Where should I start?
If you want the breakout novel: The House of Tomorrow
If you want grief, humor, and a strong YA voice: Things I'm Seeing Without You → This Book Is Not Yet Rated
If you want art, movies, and found family: This Book Is Not Yet Rated → The House of Tomorrow
If you want the newest, highest-stakes story: How to Lose Yourself Completely
Author bio
Peter Bognanni grew up in Iowa, and he seems drawn to the kids who live a little off to the side of the main crowd. That tracks with the way he has described his own younger self. In interviews, he has talked about taking puppetry classes, making long homemade comedy tapes, and writing fan letters to cartoonists. Even before he published a novel, he was already chasing the mix of oddness, humor, and obsession that runs through his work.

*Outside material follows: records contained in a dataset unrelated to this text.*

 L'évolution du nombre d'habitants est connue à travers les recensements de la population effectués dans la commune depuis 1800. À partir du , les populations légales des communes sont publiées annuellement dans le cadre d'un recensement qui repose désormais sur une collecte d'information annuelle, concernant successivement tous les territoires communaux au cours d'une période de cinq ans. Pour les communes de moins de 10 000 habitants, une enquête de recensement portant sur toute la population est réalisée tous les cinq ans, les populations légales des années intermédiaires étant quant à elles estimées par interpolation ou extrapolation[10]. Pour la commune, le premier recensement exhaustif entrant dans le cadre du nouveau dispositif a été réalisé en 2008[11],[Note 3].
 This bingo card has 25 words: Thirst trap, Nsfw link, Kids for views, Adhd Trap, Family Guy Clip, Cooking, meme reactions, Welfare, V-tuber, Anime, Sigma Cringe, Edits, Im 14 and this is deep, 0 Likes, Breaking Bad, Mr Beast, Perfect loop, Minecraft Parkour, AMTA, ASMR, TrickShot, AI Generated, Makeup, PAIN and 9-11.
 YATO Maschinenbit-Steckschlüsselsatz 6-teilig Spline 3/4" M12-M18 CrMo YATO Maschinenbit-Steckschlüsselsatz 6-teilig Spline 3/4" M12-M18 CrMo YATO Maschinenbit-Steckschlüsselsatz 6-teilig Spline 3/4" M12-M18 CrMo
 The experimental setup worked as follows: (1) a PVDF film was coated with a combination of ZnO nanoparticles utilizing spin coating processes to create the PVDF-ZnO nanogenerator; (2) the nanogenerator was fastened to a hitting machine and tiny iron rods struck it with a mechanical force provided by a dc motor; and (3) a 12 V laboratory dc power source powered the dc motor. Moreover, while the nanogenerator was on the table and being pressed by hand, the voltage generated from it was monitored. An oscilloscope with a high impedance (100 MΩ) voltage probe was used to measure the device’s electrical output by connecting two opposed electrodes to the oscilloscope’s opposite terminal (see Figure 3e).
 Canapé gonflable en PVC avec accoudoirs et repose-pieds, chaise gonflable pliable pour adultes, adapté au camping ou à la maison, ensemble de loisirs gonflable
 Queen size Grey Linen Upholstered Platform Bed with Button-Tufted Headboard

Writing became more than a pastime in college. Bognanni has said that a run of creative writing classes made him think seriously about the craft and about the kind of life he wanted. He studied at Macalester College, then went on to the Iowa Writers' Workshop, and somewhere along the way the habit turned into a vocation.
He stuck with it.
His debut novel, The House of Tomorrow, arrived in 2010 and quickly made people pay attention. The book follows Sebastian Prendergast, a sheltered teenager raised in an Iowa geodesic dome by a grandmother devoted to Buckminster Fuller. When Sebastian falls in with Jared Whitcomb, a heart transplant survivor with punk records and a rebellious streak, the story opens into a funny, awkward, warm novel about friendship and self-invention. It won the L.A. Times Book Prize for First Fiction and an Alex Award, and it was later adapted into a feature film.

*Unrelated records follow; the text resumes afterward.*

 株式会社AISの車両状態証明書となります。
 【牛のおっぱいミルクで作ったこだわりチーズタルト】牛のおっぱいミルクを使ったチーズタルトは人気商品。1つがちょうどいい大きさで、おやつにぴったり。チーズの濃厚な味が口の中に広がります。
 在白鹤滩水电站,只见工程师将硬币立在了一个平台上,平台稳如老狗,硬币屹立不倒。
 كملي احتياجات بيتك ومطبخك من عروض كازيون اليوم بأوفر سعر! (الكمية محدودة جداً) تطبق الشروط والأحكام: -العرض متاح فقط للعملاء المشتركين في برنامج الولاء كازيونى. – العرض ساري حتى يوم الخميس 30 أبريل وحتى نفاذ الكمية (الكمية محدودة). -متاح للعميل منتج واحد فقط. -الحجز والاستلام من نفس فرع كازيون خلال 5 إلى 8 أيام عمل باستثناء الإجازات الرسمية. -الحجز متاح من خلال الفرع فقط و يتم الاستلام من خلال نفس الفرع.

Bognanni's next books moved toward young adult fiction, but they kept a lot of the same things readers liked in the first novel. Things I'm Seeing Without You is about grief, first love, and the strange ways people keep talking to the dead. This Book Is Not Yet Rated follows Ethan Ashby, a movie-obsessed teenager trying to save a worn-down cinema while sorting through first love and the loss of his father. Both books are funny in the middle of painful situations, which is one of Bognanni's strengths.
He likes outsiders.
A lot of his stories are about young people who feel misplaced, then find each other through art, music, movies, or sheer stubbornness. His characters grieve, panic, mess things up, and keep going. Even when the setup is unusual, a dome house, an alternative funeral business, a failing movie theater, the feelings are recognizably human. That mix of weird premise and emotional directness is a big part of why his books connect.
That thread continues in How to Lose Yourself Completely, published in 2026. The novel follows Case, an anxious teen reeling from his brother's death who ends up on a wilderness therapy trip that turns into a survival story. It sounds like a sharp turn, but it really isn't. Bognanni is still interested in the same things: grief, friendship, the stories we tell ourselves, and the hard work of finding a way back to other people.

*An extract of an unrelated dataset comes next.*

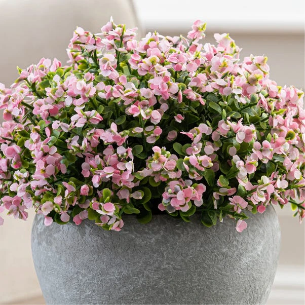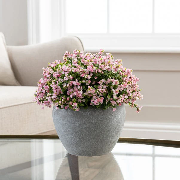 Artificial Pink Flowers In Grey Cement Plant Pot
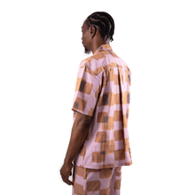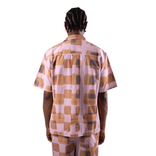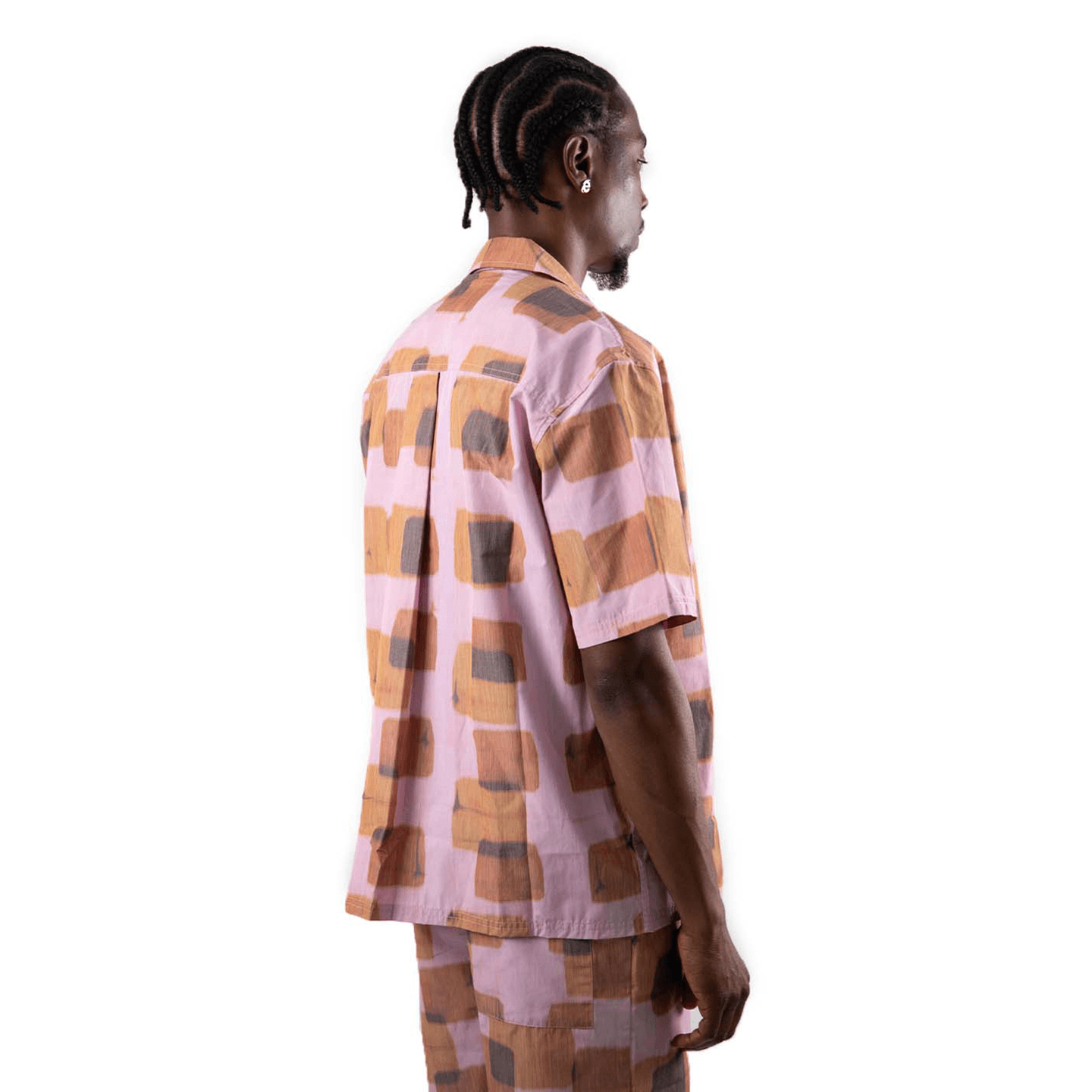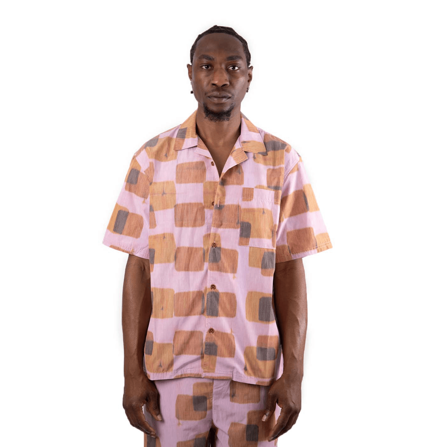 All over print of Orange and brown cube pattern on pink relaxed fit short sleeve button up collared shirt.

His work hasn't stayed only on the page. The House of Tomorrow became a film, and Things I'm Seeing Without You has been in development for television. He has also written short stories, essays, and humor pieces, and his interest in film shows up off the page too, including screenwriting work and a Film Independent Screenwriting Fellowship. In 2013, he received the Rome Prize, which gave him time in Rome to focus on a new novel.
These days he teaches creative writing at Macalester College in Saint Paul, Minnesota. That feels like a good fit. His books are full of the kinds of questions that good teachers, and good novelists, keep asking: what do we do with grief, what do we love enough to fight for, and how do awkward people find their place in the world?